As organizations launch various digital business transformation initiatives, many of them are discovering they need to be able to pull data from SAP applications that function as systems of record in the enterprise. The challenge has always been that data from an SAP application has to then be normalized alongside other data to enable end users to surface insight from data created using multiple applications. Many organizations are now investing in data warehouses in the cloud to collect massive amounts of data that can be accessed more easily by a range of analytics applications.

Qlik is making a case for a Qlik Sense analytics application that runs in memory to make it easier to surface insights in near real time as data is continuously pulled from various sources. “You never have to refresh the data,” Hayes said.

However, IT teams can employ the data integration software Qlik provides without having to adopt Qlik Sense. This week Qlik revealed it has developed a unified connector based on SAP BEx/InfoProvider joint connectivity and SAP SQL connector software to streamline the process of pulling data from any SAP application into the Qlik Sense Enterprise edition of its analytics software.
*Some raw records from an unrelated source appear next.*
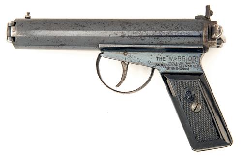circa 1934, with 7 1/2in. rifled concentric barrel concealed within the sighted blued steel air chamber, the frame stamped 'THE WARRIOR, MADE BY ACCLES & SHELVOKE LTD BIRMINGHAM', and on the right-hand side 'F.CLARKE'S PATENT NOS BRIT. 351268, USA 538057', pressed steel trigger guard and chequered horn grips impressed with a 'knight's head' trademark, the whole retaining a strong amount of original finish.
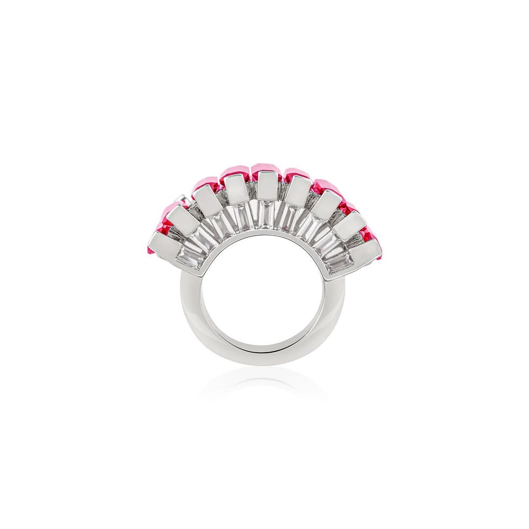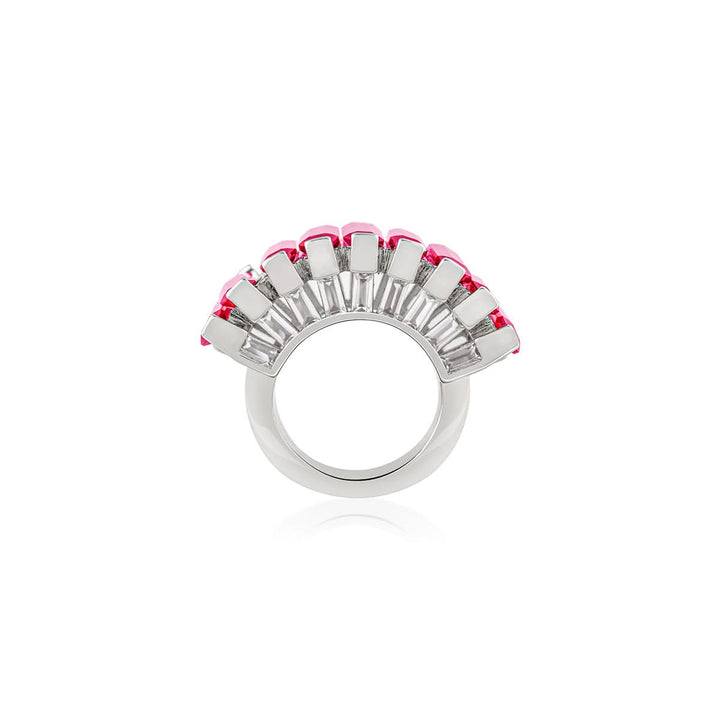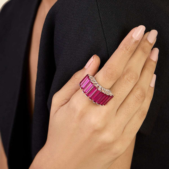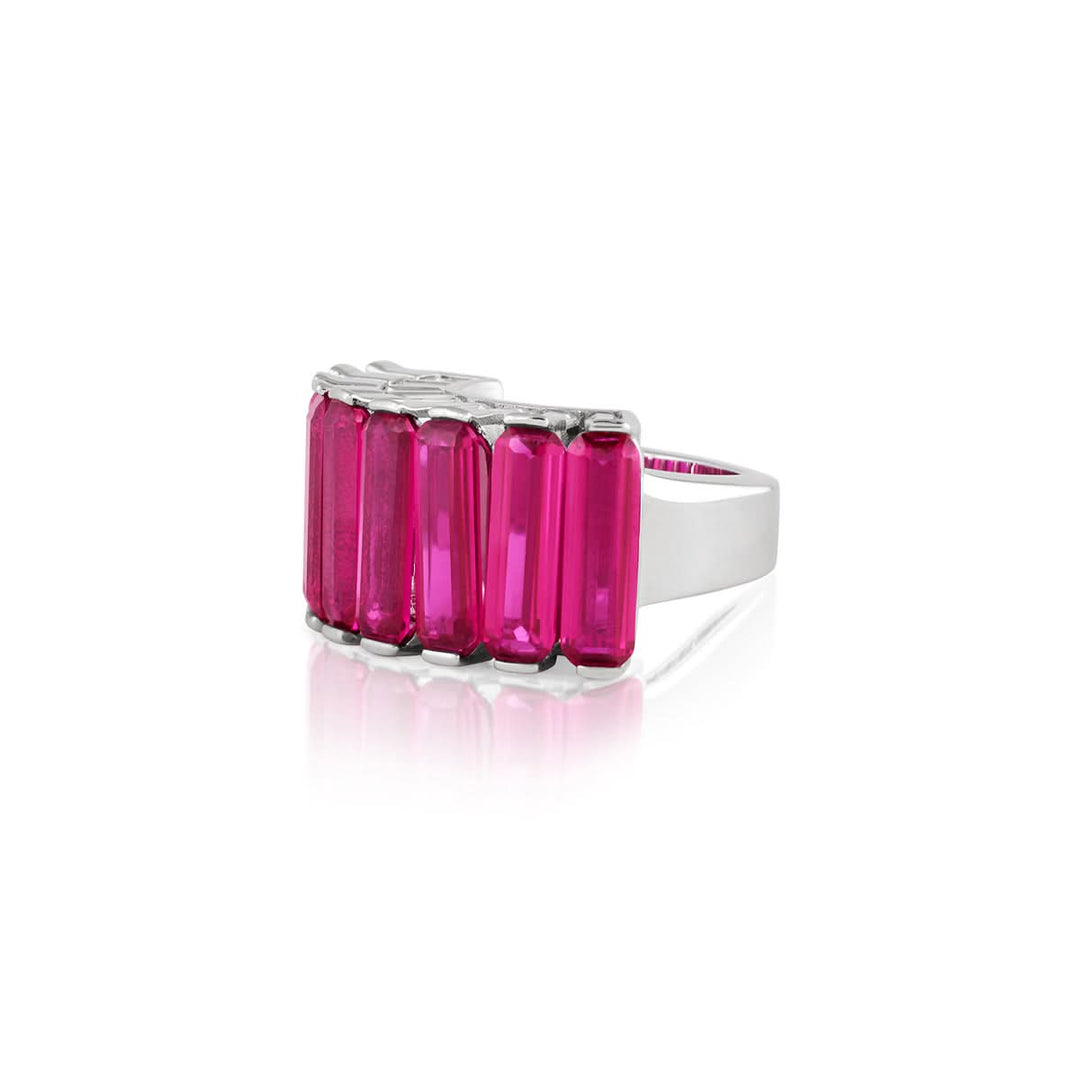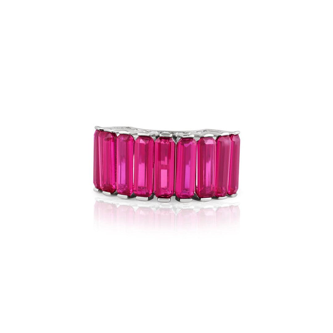This Art Deco-inspired wide baguette band ring features a stunning combination of custom-cut CZ and Ruby corumdum stones. Crafted with rhodium-plated brass, this ring adds a touch of elegance to your everyday look. Perfect for anyone who wants to add a pop of color to their outfit.
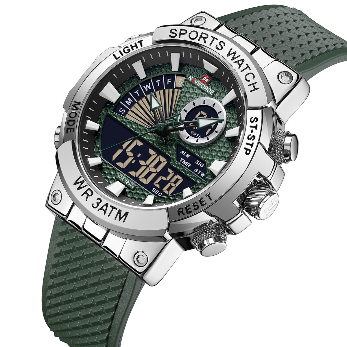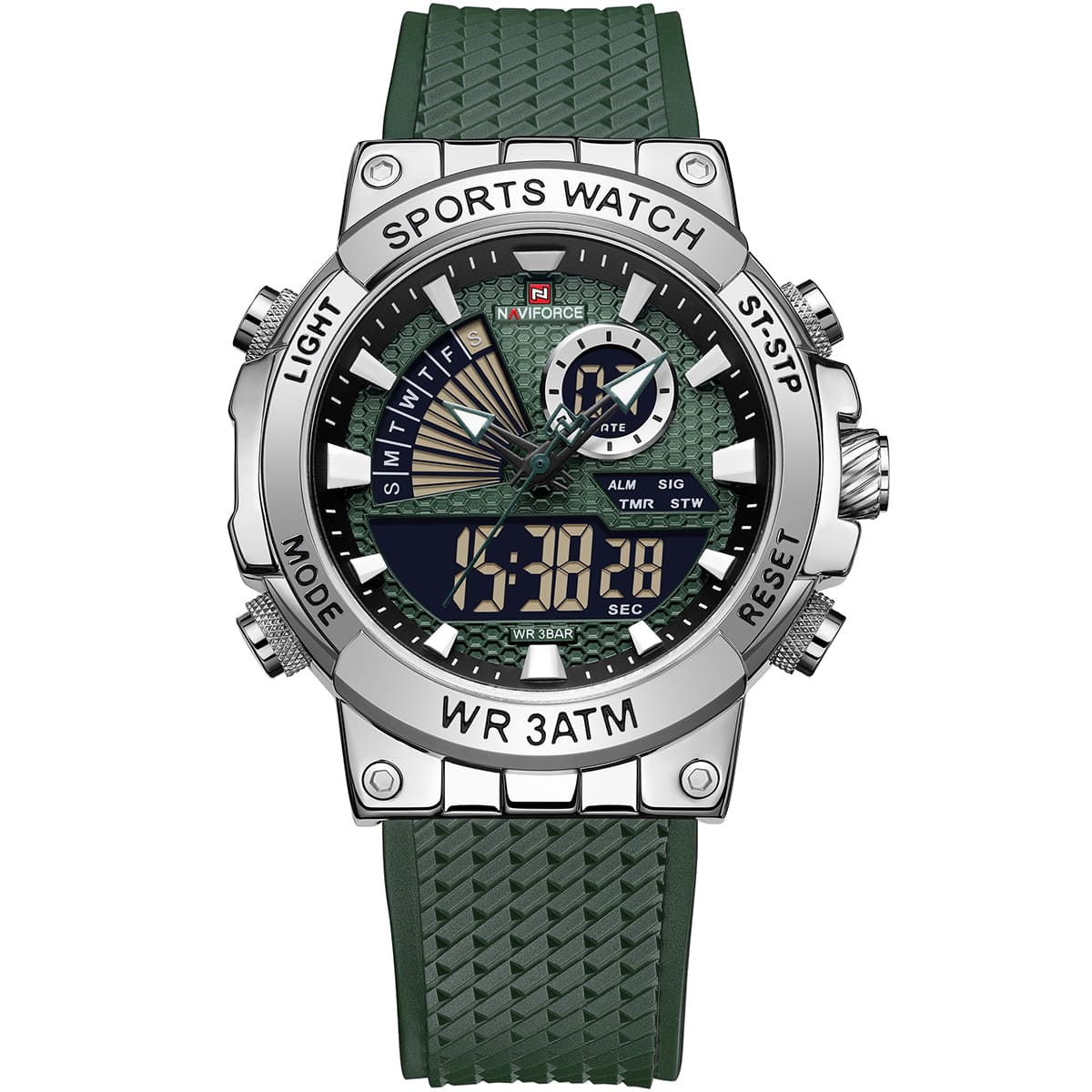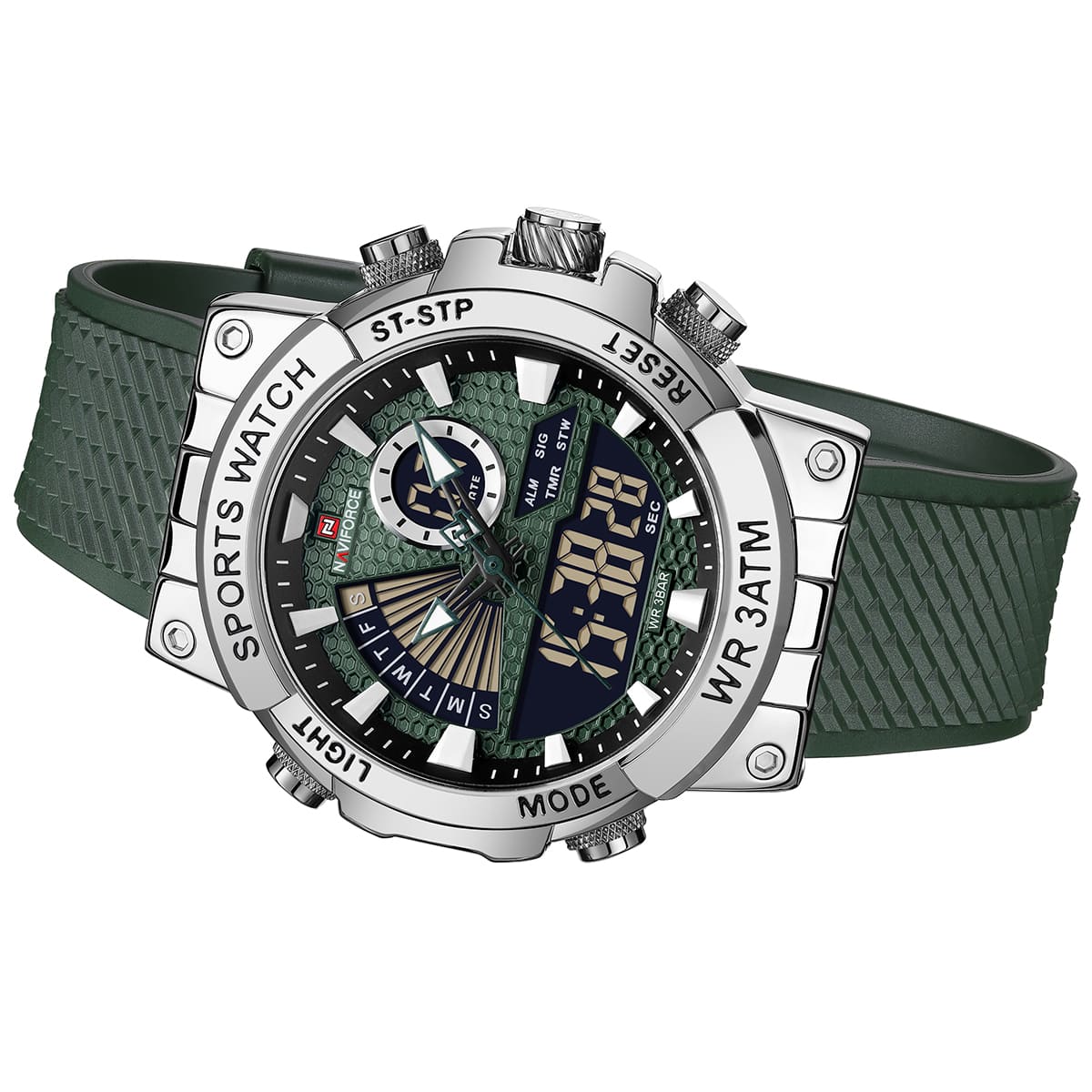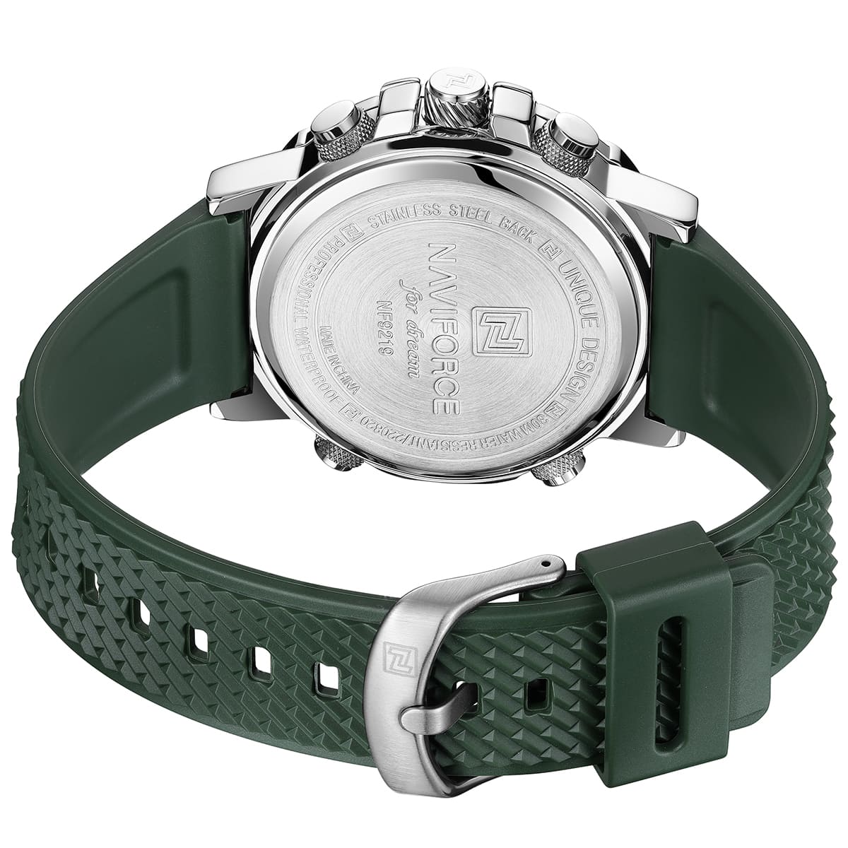 Green Silicone rubber strap offers a modern and versatile look that matches both formal and casual outfits.

SAP has never been especially focused on making it simpler to pull data from its applications and databases. The company has its own portfolio of analytics applications that are tightly integrated with its data warehouse and associated data virtualization tools. However, many organizations have standardized on a wide range of applications that are employed to analyze data aggregated from multiple data sources. Many of the users of those applications want to be able to access data without IT intervention, Hayes noted. Most IT teams are inclined to enable that access so long as the integration and analytics software employed doesn’t have a material impact on the performance of the SAP applications they are running, added Hayes.

Qlik minimizes that impact by identifying what subset of data in an SAP application is actually new versus constantly pulling all the data in an SAP application into an analytics application, said Hayes.